Step 2: Write the condition for both events happening
For two independent events,
$$
P(E \cap F) = P(E) \times P(F).
$$
Given $P(E \cap F) = \frac{1}{12}$, this implies
$$
x \times y = \frac{1}{12}.
$$
Step 3: Write the condition for neither event happening
The probability that neither $E$ nor $F$ occurs is given by
$$
P(E' \cap F') = (1 - x)(1 - y).
$$
Since $P(E' \cap F') = \frac{1}{2}$, we have
$$
(1 - x)(1 - y) = \frac{1}{2}.
$$
Step 4: Expand and simplify the second condition
Expanding
$$
(1 - x)(1 - y) = 1 - x - y + xy = \frac{1}{2}.
$$
Using $xy = \frac{1}{12}$ from Step 2, substitute to get
$$
1 - x - y + \frac{1}{12} = \frac{1}{2}.
$$
Rearrange to find $x + y$:
$$
1 - \frac{1}{2} + \frac{1}{12} = x + y
\;\;\Longrightarrow\;\;
\frac{1}{2} + \frac{1}{12} = x + y
\;\;\Longrightarrow\;\;
x + y = \frac{7}{12}.
$$
Step 5: Solve the system of equations
We now have two equations:
$x + y = \frac{7}{12}$
$xy = \frac{1}{12}$
To solve, set $y = \frac{7}{12} - x$ and substitute into $xy = \frac{1}{12}$:
$$
x \left(\frac{7}{12} - x\right) = \frac{1}{12}.
$$
Multiply through by 12:
$$
12 \times x \left(\frac{7}{12} - x\right) = 1
\;\Longrightarrow\;
7x - 12x^2 = 1.
$$
Rearrange to a quadratic equation:
$$
12x^2 - 7x + 1 = 0.
$$
Solve using the quadratic formula $x = \frac{-b \pm \sqrt{b^2 - 4ac}}{2a}$, where $a=12, b=-7, c=1$:
$$
x = \frac{7 \pm \sqrt{(-7)^2 - 4 \cdot 12 \cdot 1}}{2 \cdot 12}
= \frac{7 \pm \sqrt{49 - 48}}{24}
= \frac{7 \pm 1}{24}.
$$
Thus,
$$
x = \frac{8}{24} = \frac{1}{3} \quad \text{or} \quad x = \frac{6}{24} = \frac{1}{4}.
$$
Correspondingly,
$$
y = \frac{7}{12} - x =
\begin{cases}
\frac{7}{12} - \frac{1}{3} = \frac{1}{4}, & \text{if } x = \frac{1}{3}, \\
\frac{7}{12} - \frac{1}{4} = \frac{1}{3}, & \text{if } x = \frac{1}{4}.
\end{cases}
$$
Step 6: Determine the ratio $P(E)/P(F)$
The pairs $(x, y)$ are either $(\tfrac{1}{3}, \tfrac{1}{4})$ or $(\tfrac{1}{4}, \tfrac{1}{3})$.

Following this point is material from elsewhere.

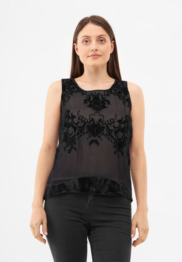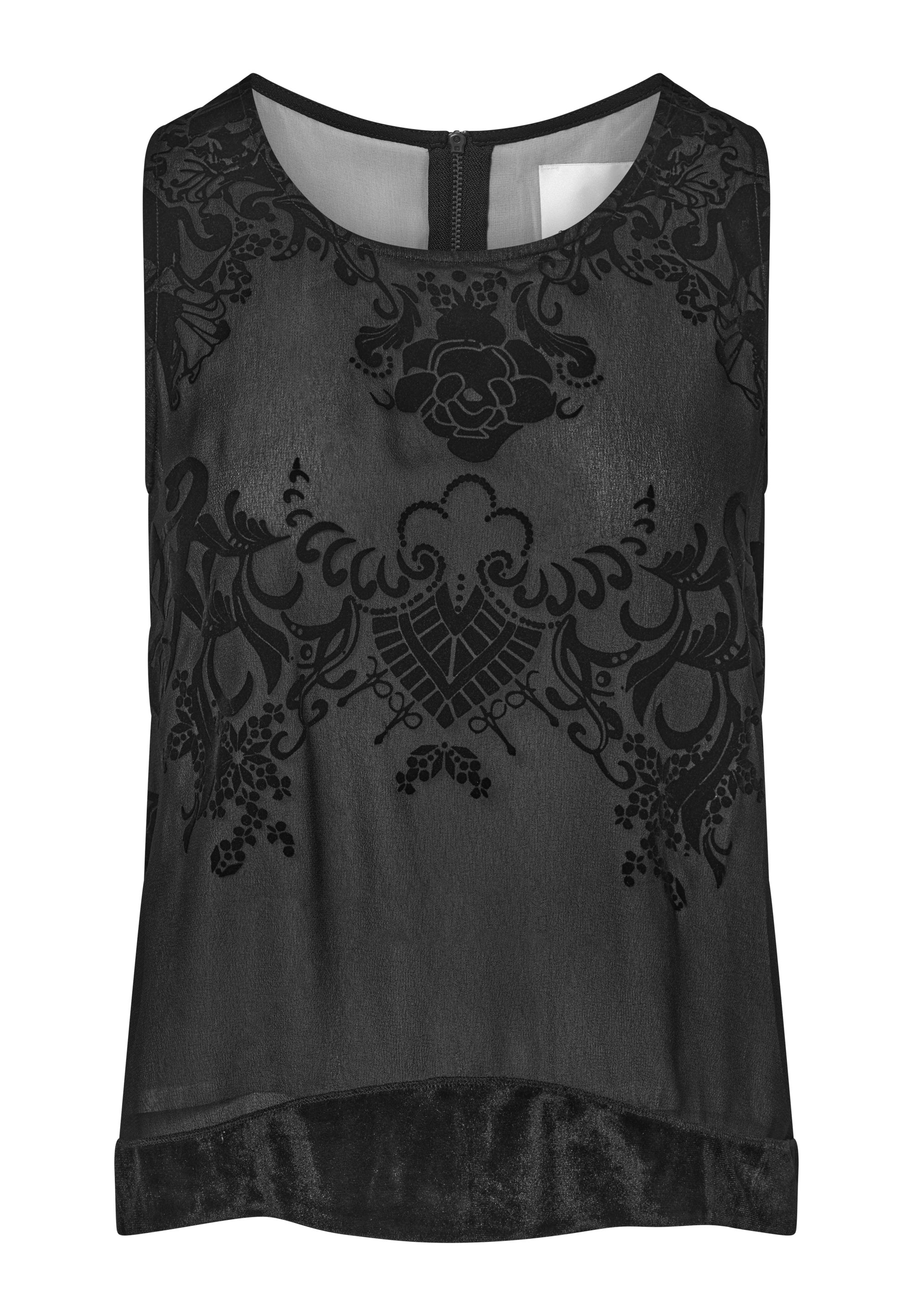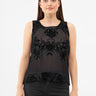 Embrace striking sophistication with the Tattoo Top from Bolongaro Trevor. This double-layered sleeveless top features a velvet baroque-inspired applique design, seamlessly blending classic opulence with modern edge.

For $x = \frac{1}{3}$ and $y = \frac{1}{4}$,
$$
\frac{P(E)}{P(F)} = \frac{x}{y} = \frac{\frac{1}{3}}{\frac{1}{4}} = \frac{4}{3}.
$$
Hence,
$$
\frac{P(E)}{P(F)} = \frac{4}{3}.
$$
Answer
The correct value of $\frac{P(E)}{P(F)}$ is $\frac{4}{3}$.